*** Opening of PROVIDED DATA ***

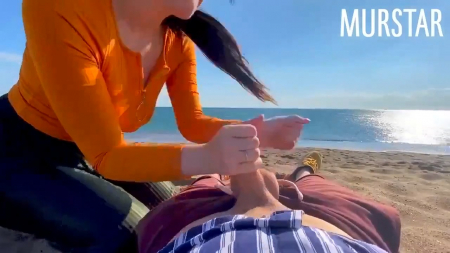 "Ну что, поиграем?" - поинтересовался голос за кадром у симпатичной молодой девушки в очках, которая вместе с бойфрендом пришла на пляж проветриться (в прямом смысле, тут ветер такой, что забивает микрофон камеры). Парнишка включил на телефоне интерактивный вибратор, вставленный в киску подружки. Она быстро возбудилась, сняла окуляры и принялась сосать, несмотря на то, что неподалеку загорают другие отдыхающие, а мимо ходит уборщик мусора, которому нет дела до странной парочки. Девчонка, немного пососав, начинает дрочить вялого до оргазма, сильно сжав в руке.
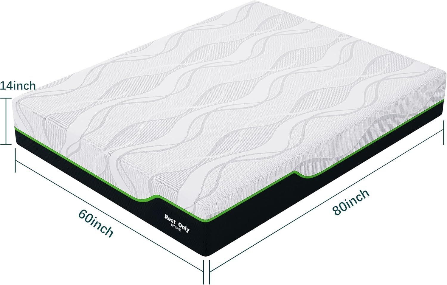 Safe & Comfortable REST ONLY twin xl mattress in a box is made of high-quality memory foam with medium firmness, which make you have a comfortable sleep. And the memory foam inside queen hybrid mattress is CertiPUR-US Certified for safety and durability, it is friendly for all people including pregnant and kids, you can sleep on our mattress with confidence. Relieves Pressure and Pain The comfortable memory foam layer of our twinXL mattress can fit the human body curve to support your body at every positions, which can effectively relieve the pressure point and it is fit for different sleep positions. And individual pocket spring has enough supporting force to support the joints of your body. The combination of the two allows you to wake up in a great morning without soreness or pain. Strong Support Our queen mattresses constructed by hundreds of individual pocket spring coils to provide enough support from head to toe for you, no need to worry about mattresses sagging. In the meantime, the twinXL bed mattress adds reinforced coils to enhance edge support, it can avoid the feeling of falling and provide you and your families with better protection. Motion Isolation Since each individual pocket innerspring coils of our bed mattress is work independently, it will reduce noise and isolate movement when you move. That is preventing effectively movement interference between partners, allowing you to enjoy a quiet and undisturbed sleep. Convenience & Compatibility This hybrid mattress is shipped by rolled to be compressed in a box, which is maneuvered into the bedroom easily. Simply unbox, unroll and wait for 72 hours to fully expand to sleep on.
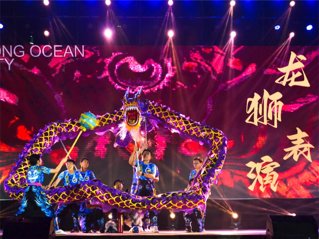 迎新游园会包含了晚会和游园两大部分。晚上7点,绚丽的灯光秀燃起整个现场,晚会以醒狮表演《瑞狮共游园》开场,展现出海大学子锐意进取、踔厉奋发的青春形象,响亮而明快的鼓声立即点燃了全场气氛。精神抖擞的国旗护卫队女子花枪队员踩着激昂的鼓点、踏着整齐有力的节拍演绎强有力的《飒爽芳华》。舞蹈表演《lockers》、小组唱《找自己》、个人独唱《星辰大海》、拉丁表演《tiktok baby》等节目精彩纷呈,共同描绘了“青春如画如诗,奋斗创造不凡”的青春画卷。
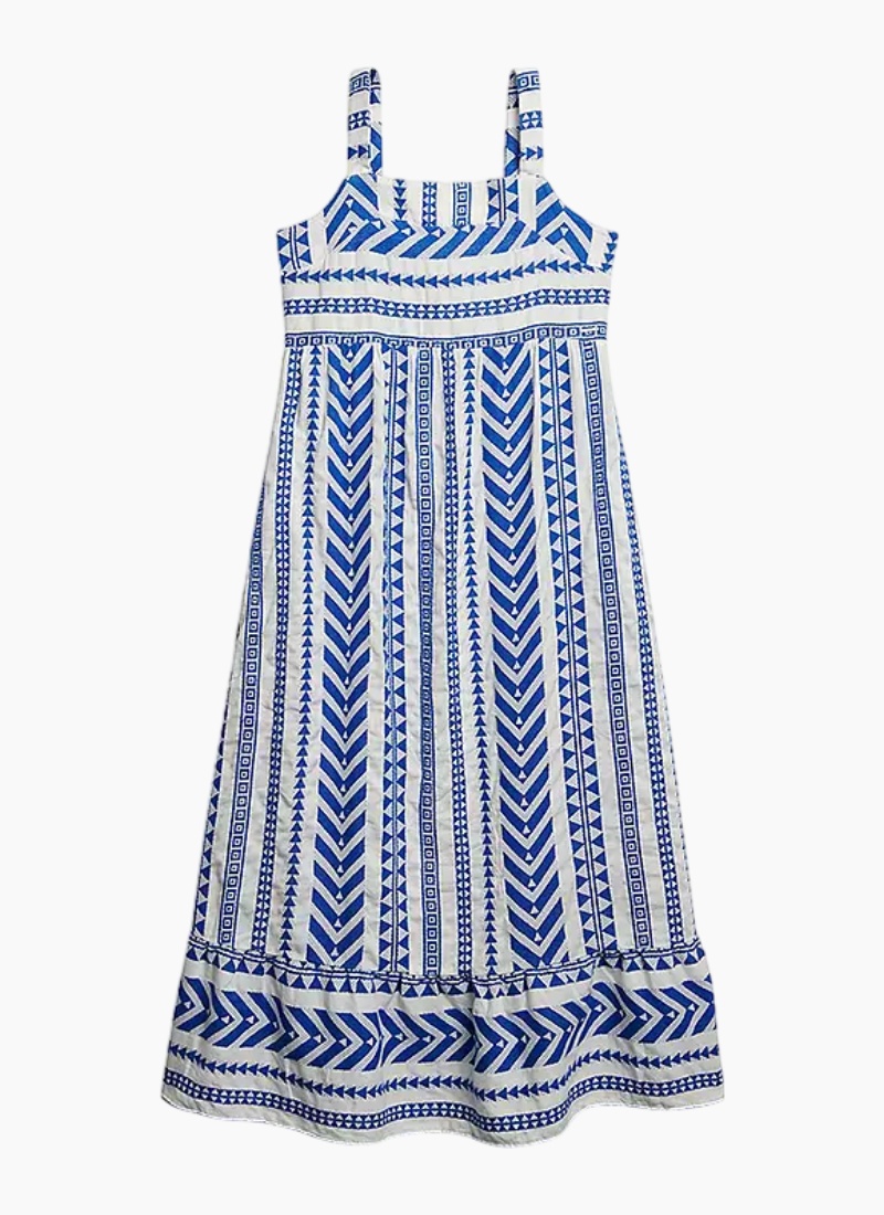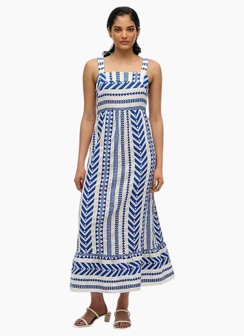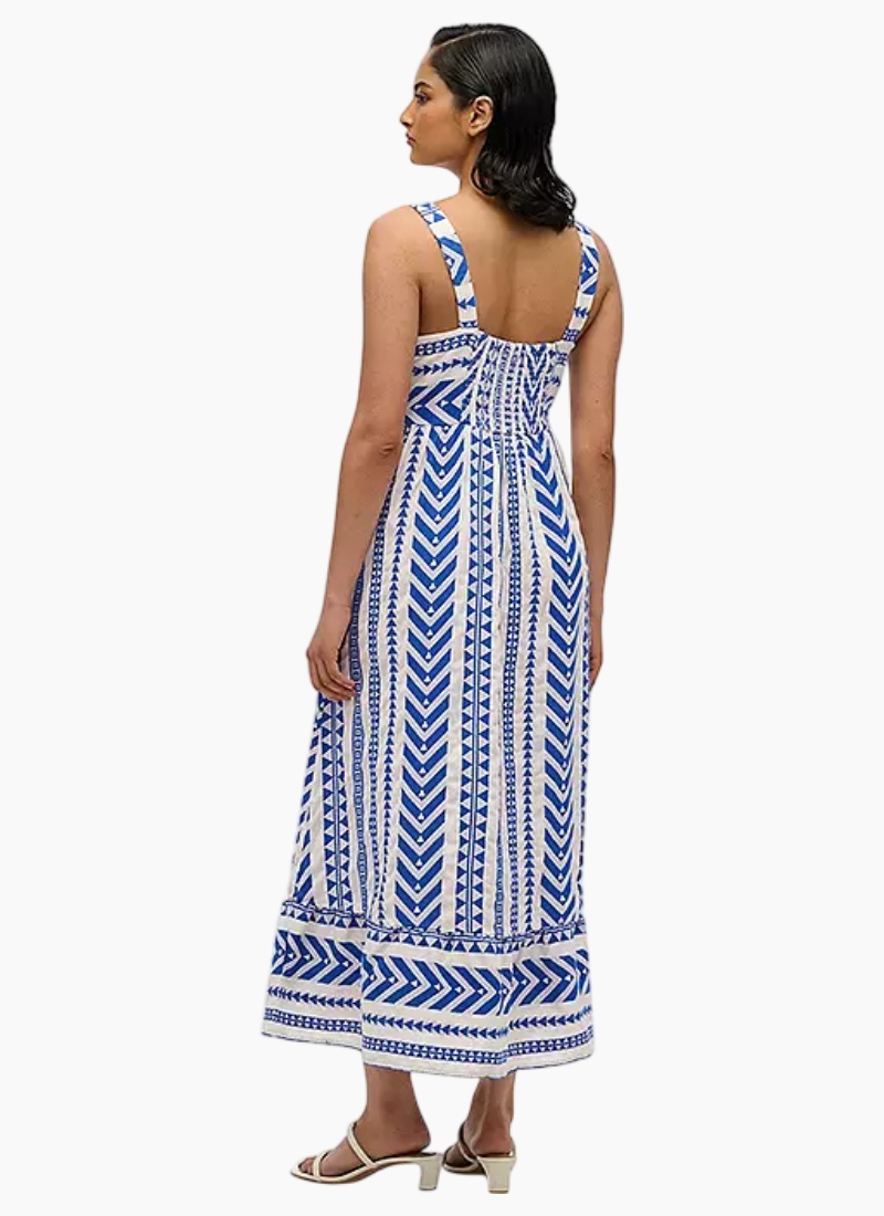 Introducing the Statement Tiered Maxi Dress from Superdry. A breezy, printed maxi that channels holiday-ready ease with bold blue and white geometric motifs.

*** Close of PROVIDED DATA ***

Output all of the listing above, exactly as given, but without its pictures.

 "Ну что, поиграем?" - поинтересовался голос за кадром у симпатичной молодой девушки в очках, которая вместе с бойфрендом пришла на пляж проветриться (в прямом смысле, тут ветер такой, что забивает микрофон камеры). Парнишка включил на телефоне интерактивный вибратор, вставленный в киску подружки. Она быстро возбудилась, сняла окуляры и принялась сосать, несмотря на то, что неподалеку загорают другие отдыхающие, а мимо ходит уборщик мусора, которому нет дела до странной парочки. Девчонка, немного пососав, начинает дрочить вялого до оргазма, сильно сжав в руке.
 Safe & Comfortable REST ONLY twin xl mattress in a box is made of high-quality memory foam with medium firmness, which make you have a comfortable sleep. And the memory foam inside queen hybrid mattress is CertiPUR-US Certified for safety and durability, it is friendly for all people including pregnant and kids, you can sleep on our mattress with confidence. Relieves Pressure and Pain The comfortable memory foam layer of our twinXL mattress can fit the human body curve to support your body at every positions, which can effectively relieve the pressure point and it is fit for different sleep positions. And individual pocket spring has enough supporting force to support the joints of your body. The combination of the two allows you to wake up in a great morning without soreness or pain. Strong Support Our queen mattresses constructed by hundreds of individual pocket spring coils to provide enough support from head to toe for you, no need to worry about mattresses sagging. In the meantime, the twinXL bed mattress adds reinforced coils to enhance edge support, it can avoid the feeling of falling and provide you and your families with better protection. Motion Isolation Since each individual pocket innerspring coils of our bed mattress is work independently, it will reduce noise and isolate movement when you move. That is preventing effectively movement interference between partners, allowing you to enjoy a quiet and undisturbed sleep. Convenience & Compatibility This hybrid mattress is shipped by rolled to be compressed in a box, which is maneuvered into the bedroom easily. Simply unbox, unroll and wait for 72 hours to fully expand to sleep on.
 迎新游园会包含了晚会和游园两大部分。晚上7点,绚丽的灯光秀燃起整个现场,晚会以醒狮表演《瑞狮共游园》开场,展现出海大学子锐意进取、踔厉奋发的青春形象,响亮而明快的鼓声立即点燃了全场气氛。精神抖擞的国旗护卫队女子花枪队员踩着激昂的鼓点、踏着整齐有力的节拍演绎强有力的《飒爽芳华》。舞蹈表演《lockers》、小组唱《找自己》、个人独唱《星辰大海》、拉丁表演《tiktok baby》等节目精彩纷呈,共同描绘了“青春如画如诗,奋斗创造不凡”的青春画卷。
 Introducing the Statement Tiered Maxi Dress from Superdry. A breezy, printed maxi that channels holiday-ready ease with bold blue and white geometric motifs.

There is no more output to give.